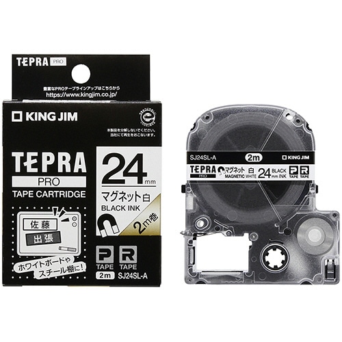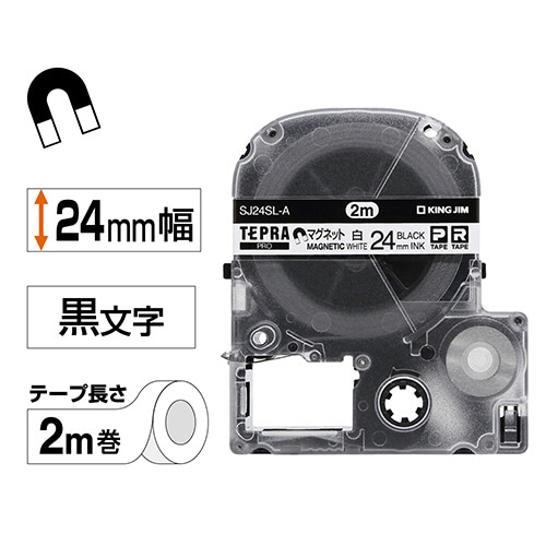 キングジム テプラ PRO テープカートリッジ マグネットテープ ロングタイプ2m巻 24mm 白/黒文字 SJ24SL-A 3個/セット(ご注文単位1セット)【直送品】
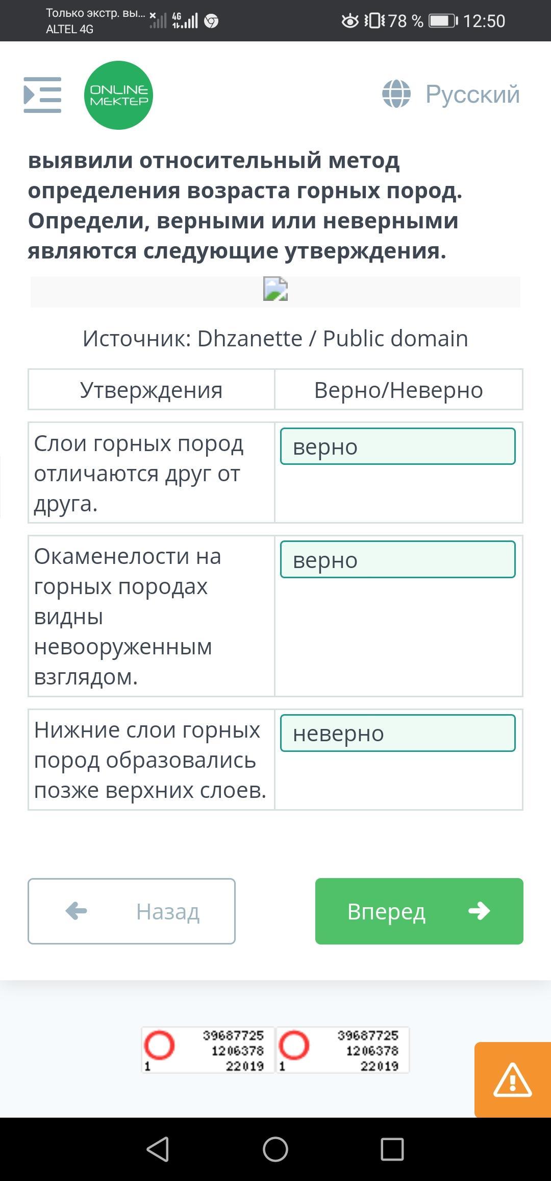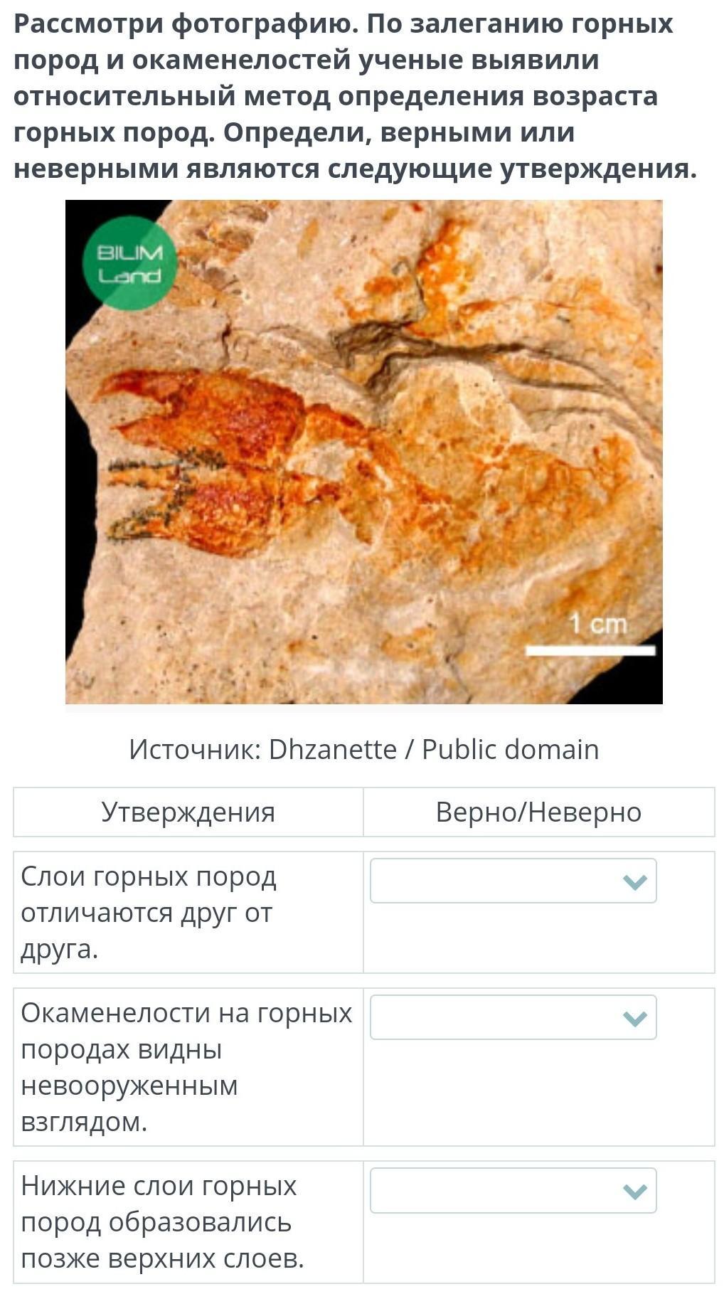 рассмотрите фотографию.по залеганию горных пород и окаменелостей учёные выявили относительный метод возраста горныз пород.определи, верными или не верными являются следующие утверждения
...
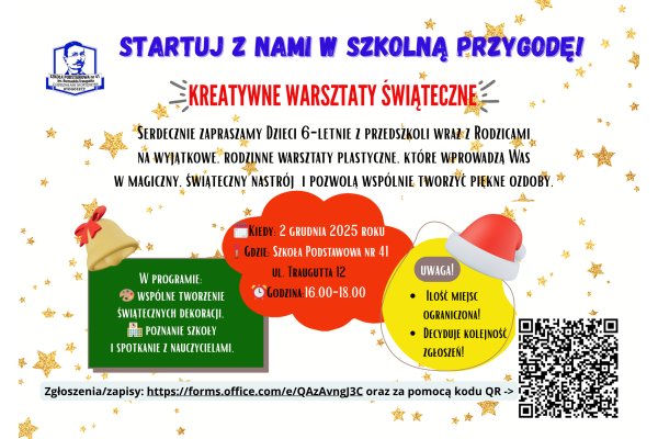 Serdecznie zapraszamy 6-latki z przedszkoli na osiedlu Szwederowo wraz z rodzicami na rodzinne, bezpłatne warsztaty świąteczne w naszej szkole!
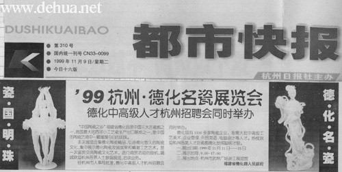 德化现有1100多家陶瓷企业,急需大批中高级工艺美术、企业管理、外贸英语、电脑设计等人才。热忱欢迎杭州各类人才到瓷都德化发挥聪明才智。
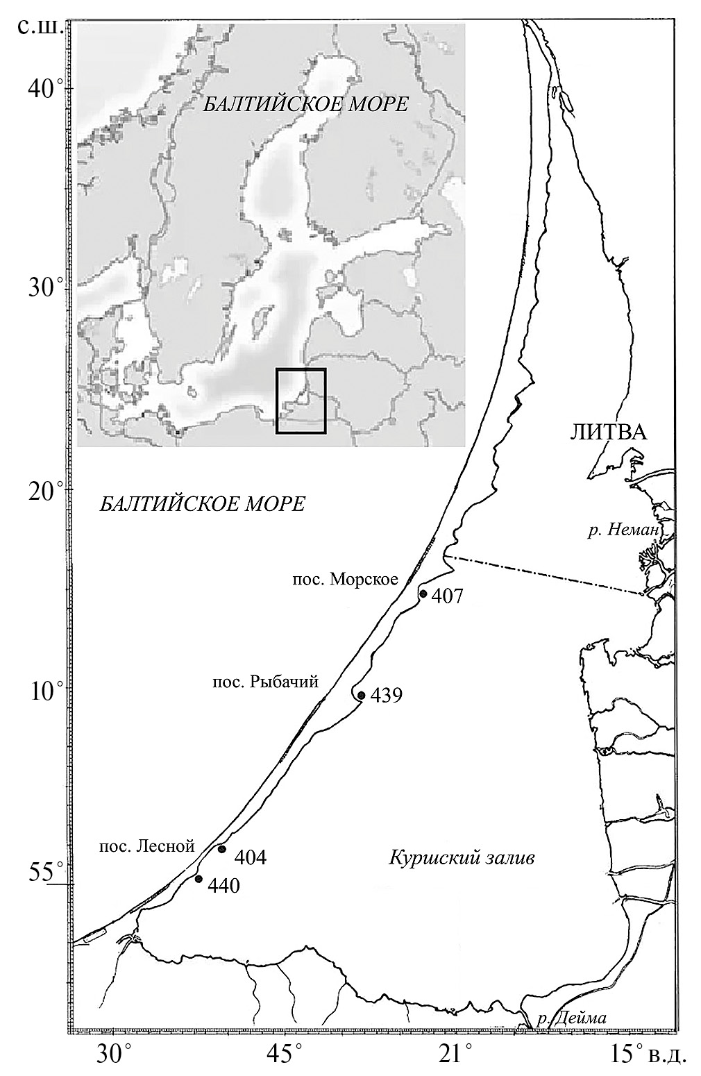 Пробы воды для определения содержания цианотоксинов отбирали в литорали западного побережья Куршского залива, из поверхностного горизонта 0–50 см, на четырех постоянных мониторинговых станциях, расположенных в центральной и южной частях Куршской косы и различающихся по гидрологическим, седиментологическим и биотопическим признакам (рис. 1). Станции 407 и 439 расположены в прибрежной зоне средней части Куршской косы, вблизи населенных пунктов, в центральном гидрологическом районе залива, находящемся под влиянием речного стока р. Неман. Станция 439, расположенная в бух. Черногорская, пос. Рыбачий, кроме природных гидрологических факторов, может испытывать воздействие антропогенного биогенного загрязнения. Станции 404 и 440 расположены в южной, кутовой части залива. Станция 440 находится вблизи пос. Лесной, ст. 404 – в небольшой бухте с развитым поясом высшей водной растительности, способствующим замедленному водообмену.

● The task
What lines above run from the one with "Serdecznie zapraszamy 6-latki" to the one with "Пробы воды для"? Give them again exactly, ends included, and leave the pictures out.

● Output for this task
 Serdecznie zapraszamy 6-latki z przedszkoli na osiedlu Szwederowo wraz z rodzicami na rodzinne, bezpłatne warsztaty świąteczne w naszej szkole!
 德化现有1100多家陶瓷企业,急需大批中高级工艺美术、企业管理、外贸英语、电脑设计等人才。热忱欢迎杭州各类人才到瓷都德化发挥聪明才智。
 Пробы воды для определения содержания цианотоксинов отбирали в литорали западного побережья Куршского залива, из поверхностного горизонта 0–50 см, на четырех постоянных мониторинговых станциях, расположенных в центральной и южной частях Куршской косы и различающихся по гидрологическим, седиментологическим и биотопическим признакам (рис. 1). Станции 407 и 439 расположены в прибрежной зоне средней части Куршской косы, вблизи населенных пунктов, в центральном гидрологическом районе залива, находящемся под влиянием речного стока р. Неман. Станция 439, расположенная в бух. Черногорская, пос. Рыбачий, кроме природных гидрологических факторов, может испытывать воздействие антропогенного биогенного загрязнения. Станции 404 и 440 расположены в южной, кутовой части залива. Станция 440 находится вблизи пос. Лесной, ст. 404 – в небольшой бухте с развитым поясом высшей водной растительности, способствующим замедленному водообмену.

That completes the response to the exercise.